« Medusa » : une épopée visuelle politique et pétrifiante

Présenté à la Quinzaine des Réalisateurs à Cannes en 2021, le dernier film de la réalisatrice brésilienne Anita Rocha Da Silveira est sorti le mercredi 16 mars 2022 dans les salles obscures. L’occasion pour le spectateur de plonger dans un univers surréaliste et grinçant d’engagement politique.

Medusa prend place dans un Brésil dystopique où l’évangélisme et le retour des règles religieuses ont été poussés à leur paroxysme : le fanatisme a gagné le cœur des fidèles et y compris des femmes, aveuglées tant elle sont dévouées à leur Dieu. Mariana (superbement interprété par Mari Oliveira) fait partie d’un groupe de femmes qui cherchent à faire appliquer leur justice. Le jour, elles veillent à garder une apparence décente, à être pure et à faire honneur à leur mari. La nuit, elles dissimulent sous un masque leurs visages pour lyncher des « femmes pécheresses », sorties du « droit chemin » pour qu’elles avouent leur « crimes » et soumettent leur volonté à Dieu.

Medusa est une référence évidente au mythe de Méduse, qui transforme quiconque croise son regard en statue de pierre. Cette malédiction a été attribuée à Méduse, « punie pour sa sexualité », pour ne pas avoir été « pure », écho évident aux femmes visées par le groupe fanatique de Mariana.

Un long-métrage aux allures de film expérimental

Bien que le film soit fictionnel, il est véritablement ancré dans la réalité politique brésilienne contemporaine, inspiré du retour d’une idéologie machiste, sexiste, qui fait une place de plus en plus conséquente à l’évangélisme dans les institutions.

Le spectateur est d’emblée intégré dans une relation regardant-regardé omniprésente et médusante.

Dans ce long métrage aux allures de film expérimental, la caméra de João Atala (directeur de la photographie) magnifie les corps, exalte les visages avec des gros plans, crée des images avec une forte plasticité dès la première séquence du film; sublimation hypnotisante d’un corps dansant sur un fond noir divisé par deux lumières différentes.

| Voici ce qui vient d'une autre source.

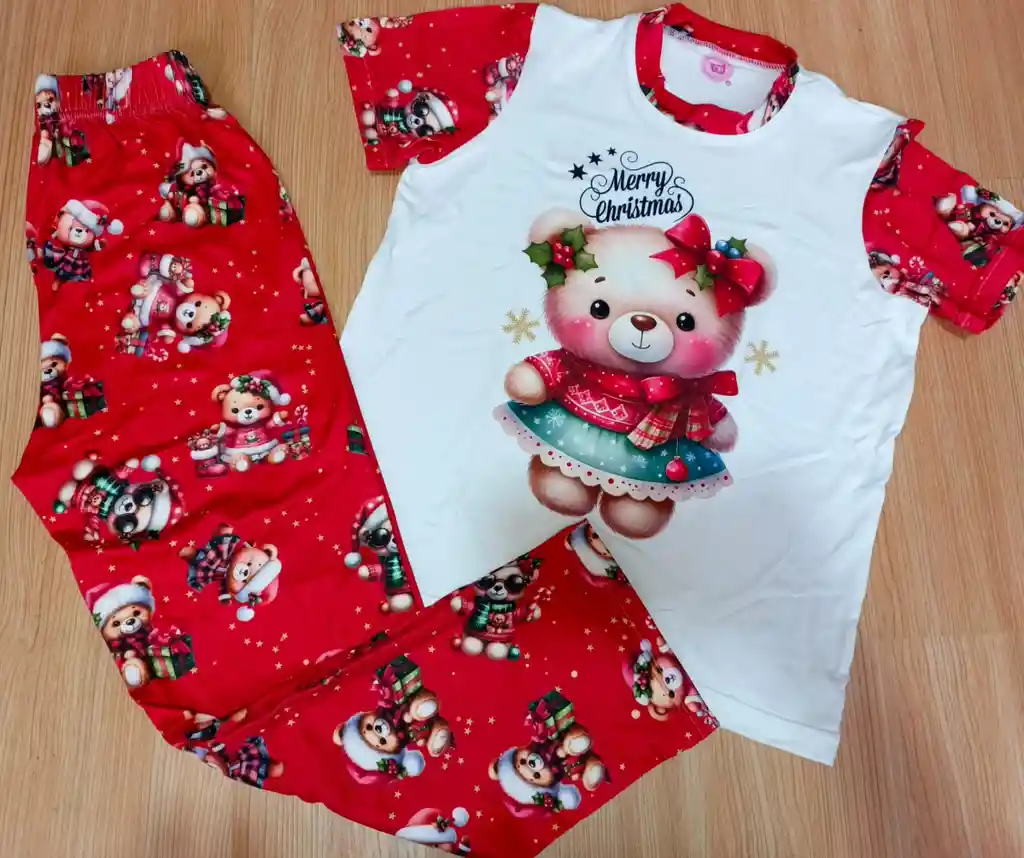 PIJAMA EN PIEL DE DURAZNO MANGA CORTA ROJA CON BLANCO TALLA 8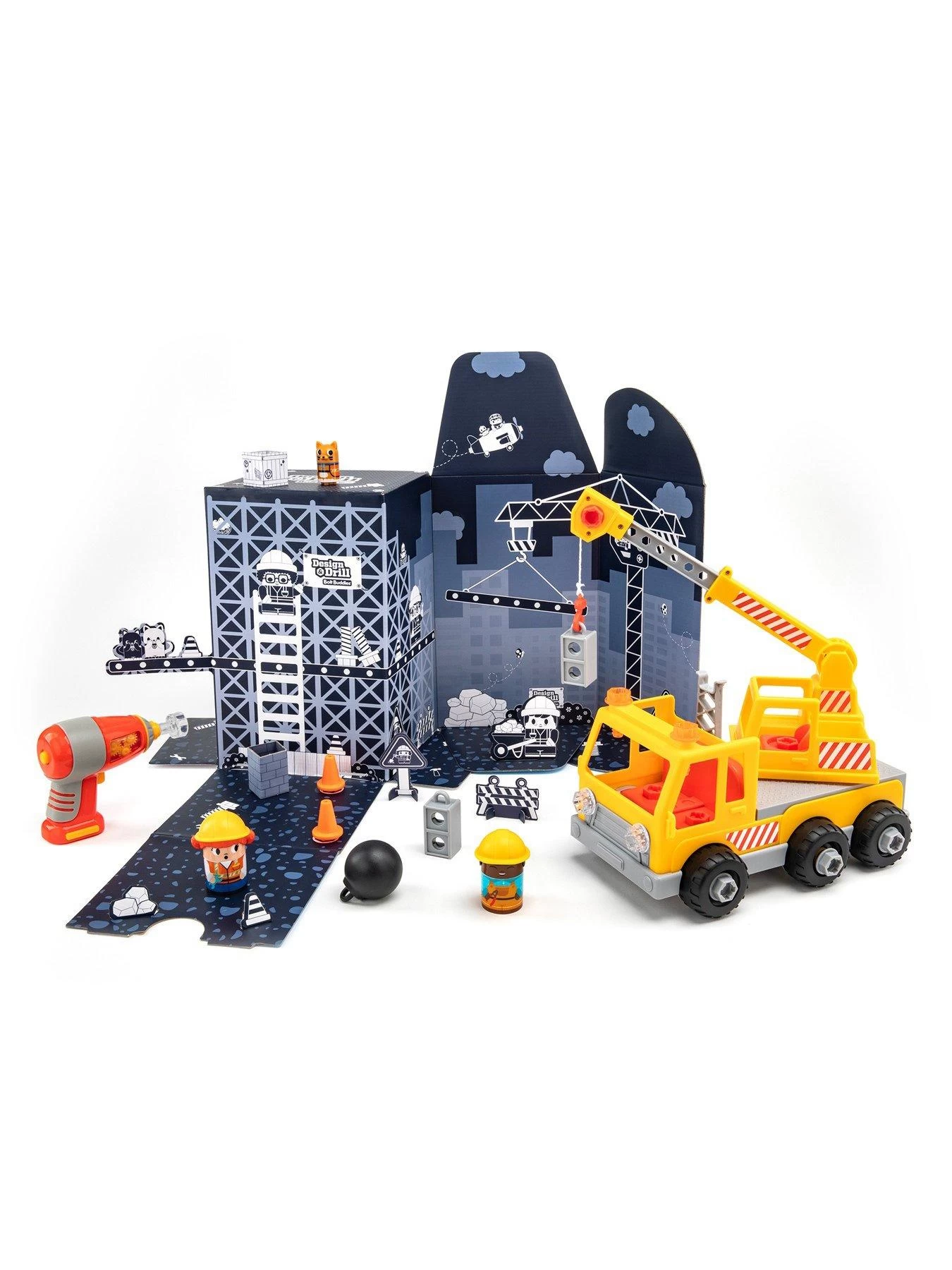 Children use a realistic working toy power drill and decorative bolts to build their own working crane with the Design & Drill Bolt Buddies Crane toy construction set. Then they drop in their Bolt Buddies construction workers and animal pal and enjoy imaginative play. The Bolt Buddies and animal pal double as tools that little builders can use to twist and turn the chunky bolts and build fine motor skills through fun play. Keep the FSC-certified packaging because it unfolds and transforms into a themed backdrop for increased imaginative play.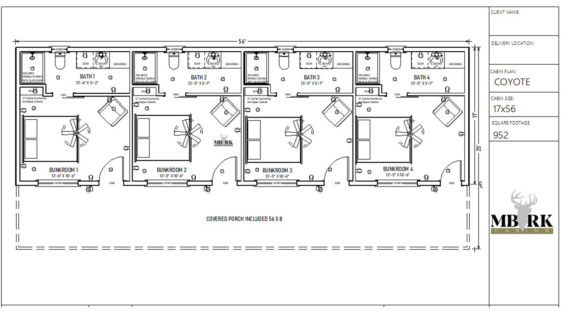 The Coyote Bunkhouse is the ultimate solution for large groups, hunting camps, and operations that demand maximum privacy and capacity from their structures. This 17’x56′ ranch cabin features four completely separate bunkrooms, each with its own full private bathroom. This four-room design is perfect for housing work crews, accommodating multiple hunters, or managing high-volume rental properties. With our signature all-metal floor frame and rodent-proof construction, the Coyote is not your throw-together shed, it’s a high-quality, factory-built structure that is durable, low-maintenance, and delivers superior comfort in the field.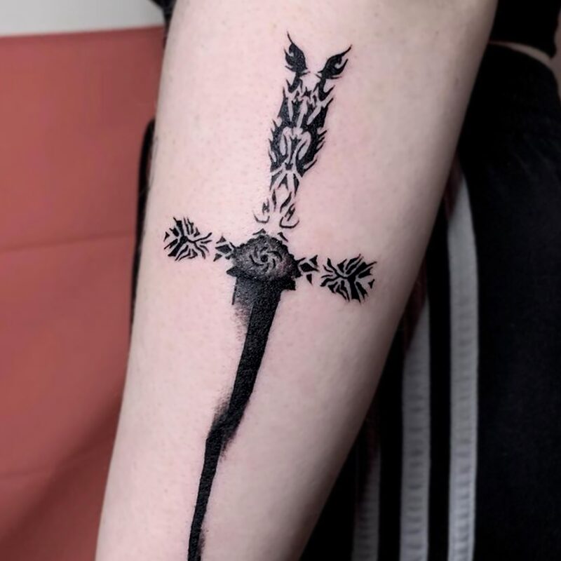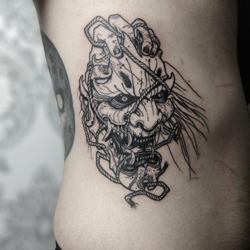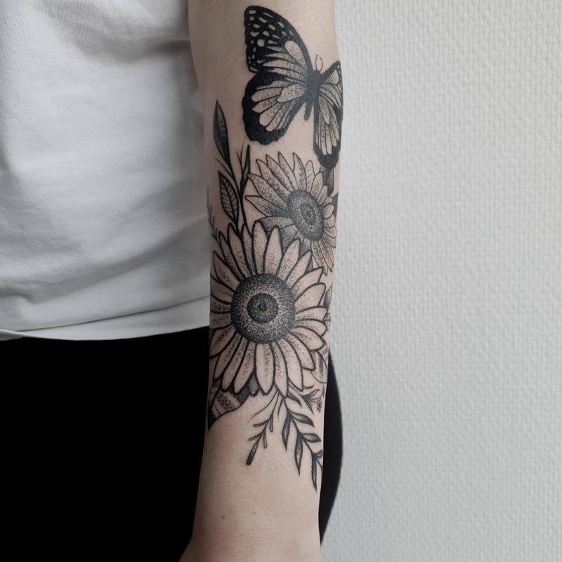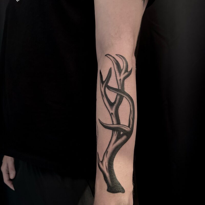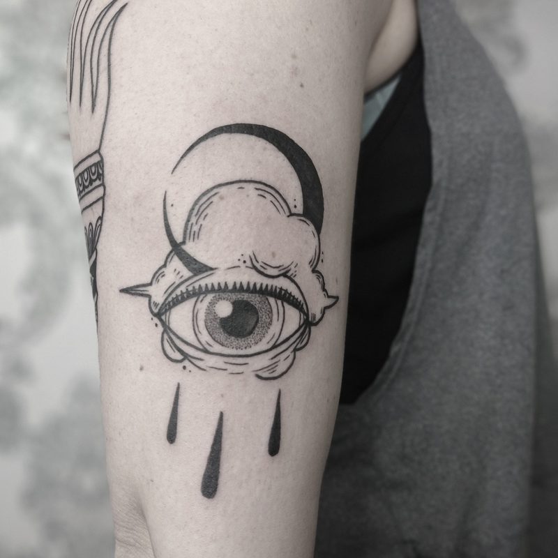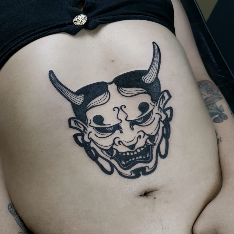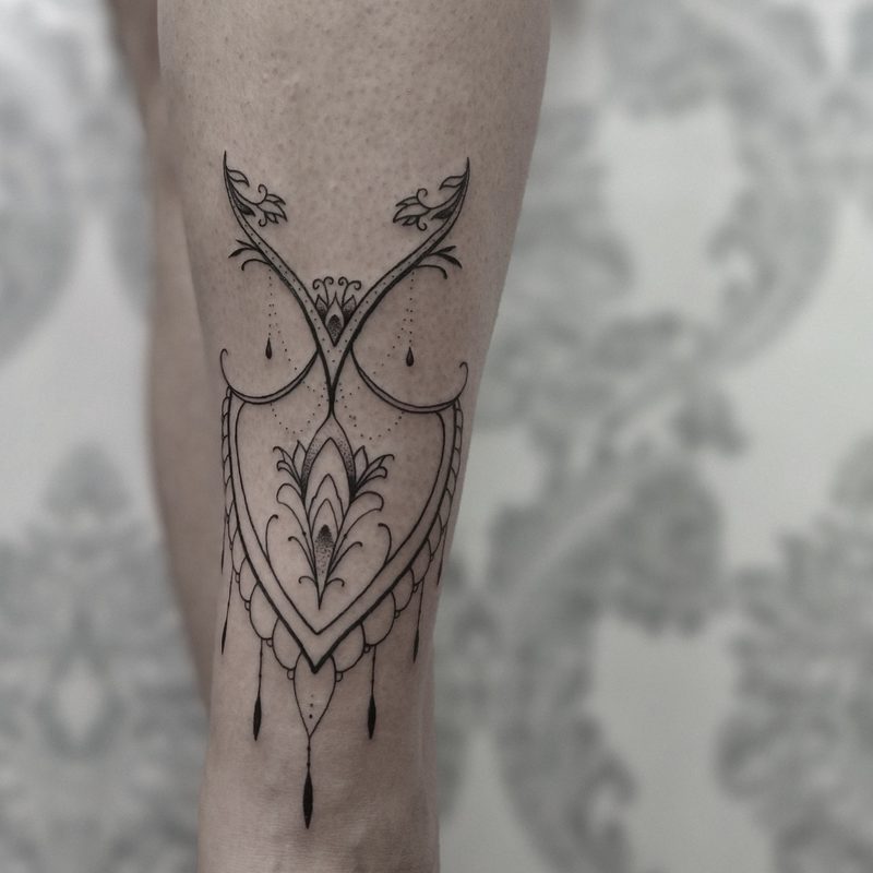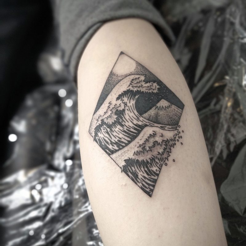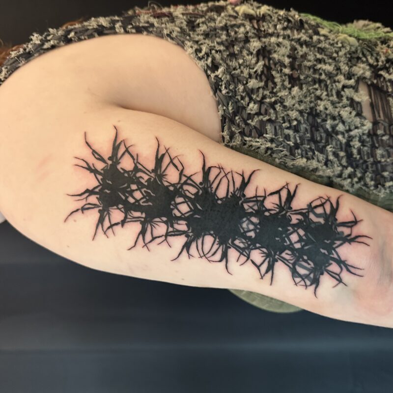 I am mainly interested in blackwork. My pieces consists of heavy block shading, incomplete and staggered outlines and stark contrasts where I emphasize the skin as the highlight. I love doing custom pieces, but also dedicate a lot of time to making new flash. I always try to make my flash as unique as possible, whether it's a rework of a traditional design or a concept of my own.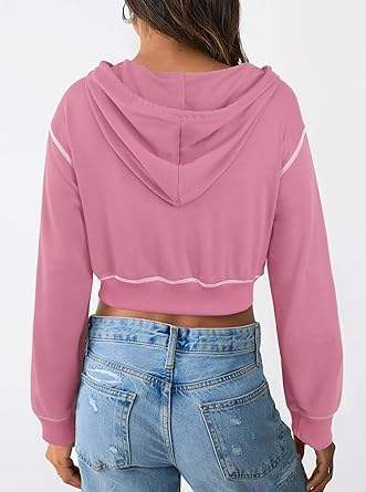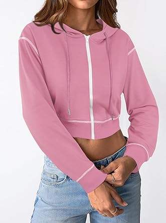 เสื้อมีฮู้ดแบบรูดซิปสำหรับผู้หญิงเสื้อครอปมีฮู้ดผ้าคอตตอนโอเวอร์ไซส์เซ็กซี่2026ครอปโยคะสีชมพูแบบกำหนดเองได้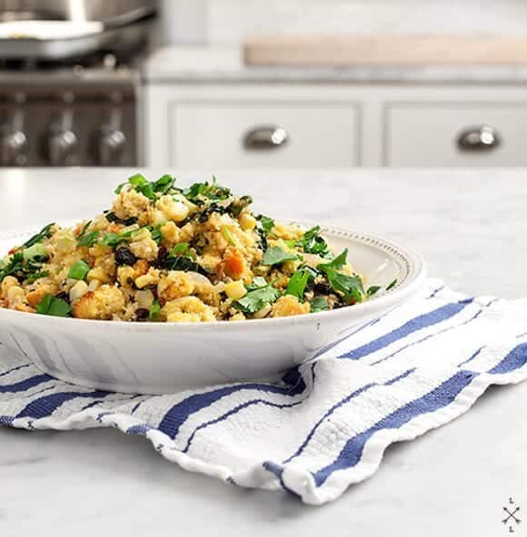 This gluten-free cornbread stuffing recipe is a spiced up twist on the Thanksgiving classic. Soft & moist, it's a delicious addition to your holiday table.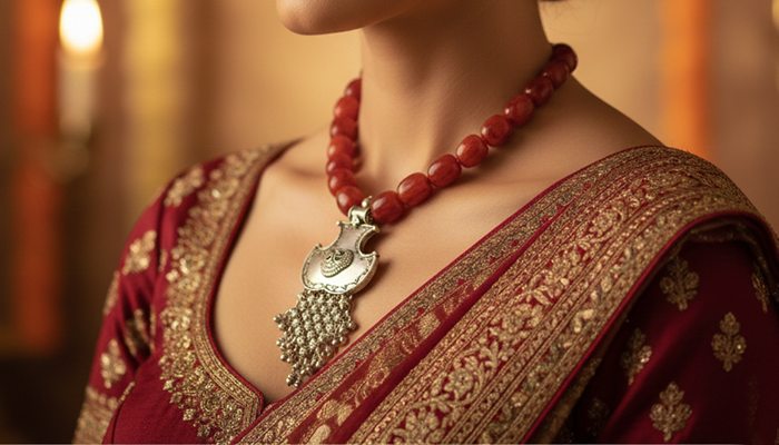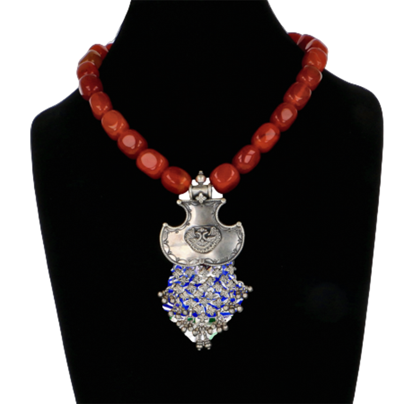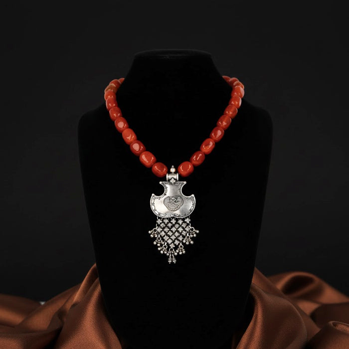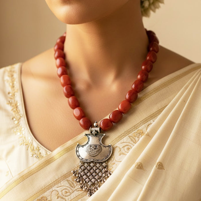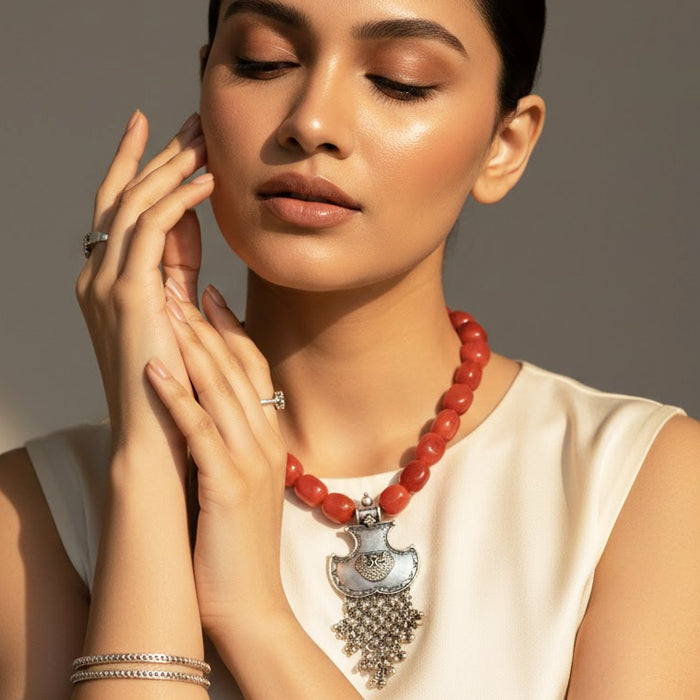 This masterpiece is a heartfelt reworking of the traditional 'Pahadi Munga-Mala', a sign of protection and wealth in the highlands. The necklace is made of excellent, enormous crimson beads that reflect the raw, earthy beauty of the Kumaon forest floor. At its heart is a majestic 'Chhatra-style' silver pendant with a distinct shield-like silhouette and delicate metallic tassels that mirror the beat of a mountain stream. The oxidized vintage finish gives the silver a royal, antique appearance, making it reminiscent of Devbhoomi past. This necklace, complete with a handcrafted adjustable silk ribbon, is the ultimate accessory for the woman who honors her roots with unrivaled elegance and power.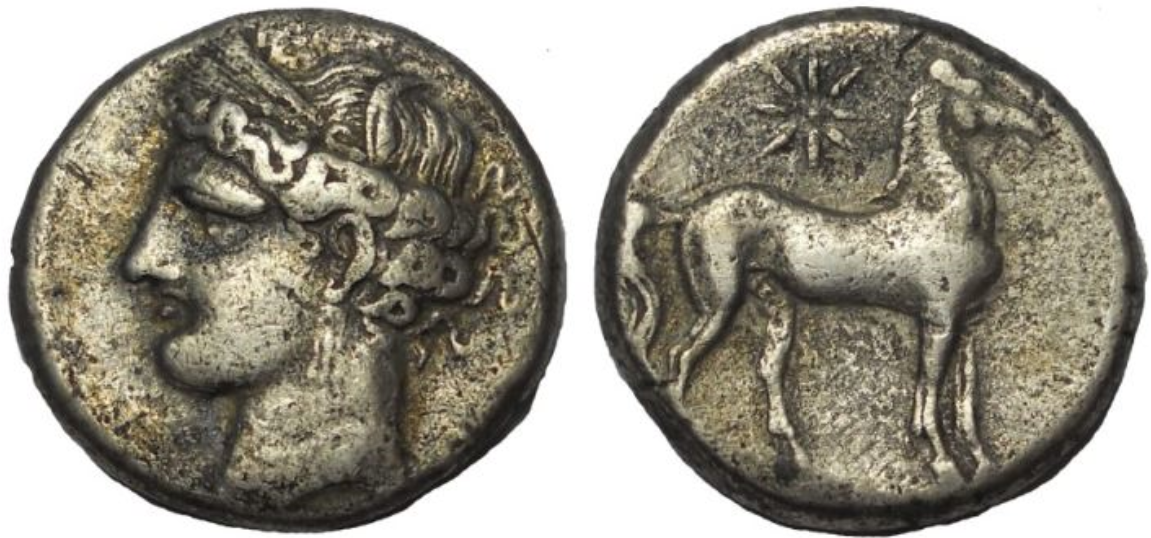 This is a great type - an affordable example from Hannibal's time in Spain. I'm surprised it's not advertised as such more often. (There's also an imitative type in poor style from around the same time which is much less desirable.)

Ce travail sur les couleurs (l’omniprésence de teintes rouges et vertes notamment) et sur la lumière s’étend sur tout le film, laissant place à une ambiance proche de l’abstrait et pétrifiante à l’image du regard de Méduse du mythe, et de celle qui sommeille en chacune de ces femmes oppressées qui n’attendent qu’à être réveillée !

Sacha FESTY.

« Medusa » d’Anita Rocha Da Silveira est en salle depuis le 16 mars 2022. Durée : 2h07.